First, you tell yourself you must be strong, eat well and exercise regularly to relief your stress. You may eat banana - happy fruit!

Next, tell the Nursing Officer you want to meet a Social Worker. She is availbale at all wards of all restructure hospitals and Polyclinics. A counselling session will be conducted. End of session, you ask for the CARE PLAN for both patient and patient's family. Now, your problem (inclusive finacial difficulty) may be half solved . Someone is behind you, you feel better and able to love your family wholeheartly.

In case of private hospital treatment, family can telephone SOS if needed or visit nearest Family Center in all new town for emotion support at very cheap cost.

Good luck.

Anonymous said...

hi mr tan,

it sounds like your friend's wife is terminal.
i think that this doc should lay the prognosis on the table and let the patient and husband decide if they wish to carry on with expensive treatment with only a very slim chance of cure.
if the patient decides to go ahead, there is nothing else to say, but pay and hope for the best.

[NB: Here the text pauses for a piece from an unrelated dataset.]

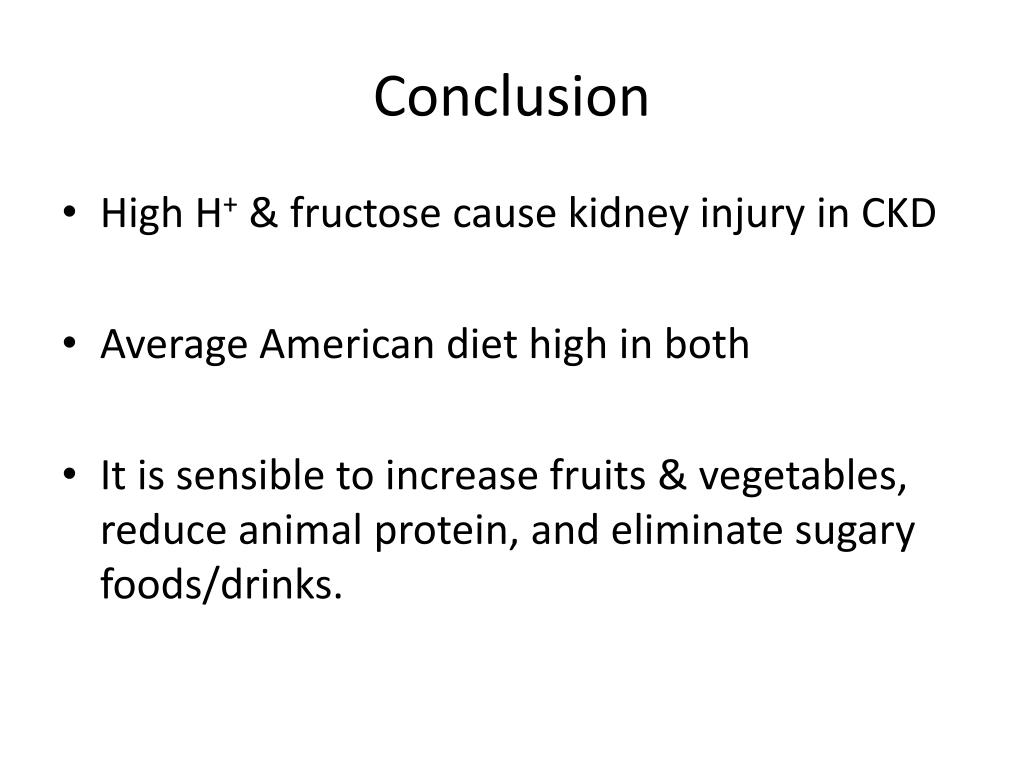 Conclusion • High H+ & fructose cause kidney injury in CKD • Average American diet high in both • It is sensible to increase fruits & vegetables, reduce animal protein, and eliminate sugary foods/drinks.

but if the doc pushes for more chemo/radiotherapy without letting the patient know the chances of cure, then that is not ethical.

it is difficult to measure life with money, but when one is terminally ill, our society and mindsets have to change....make a move towards palliation (making remaining life comfortable and as much quality as possible) rather than attempting cure (heroic medicine, which usually ends in failure and lots more suffering). so yes, i agree with mr tan, if this is a terminal case.

Anonymous said...

I think whatever the decision, it should based on the quailty of life of the patient. Why put rhe patient through the pain and get nothing out of the treatment. I know it is not easily when you are in that situation.
Just my opinion.

Anonymous said...

Sometimes it is not that the insurance agents did not advise clients to take up crit illness or hospital plans but the clients themselves who do not take up the agents advice.Anyway, healthy lifestyle is impt but cannot guard against crit illness. And why blame the ins cos for the high prem, why not blame the hospitals for charging so much?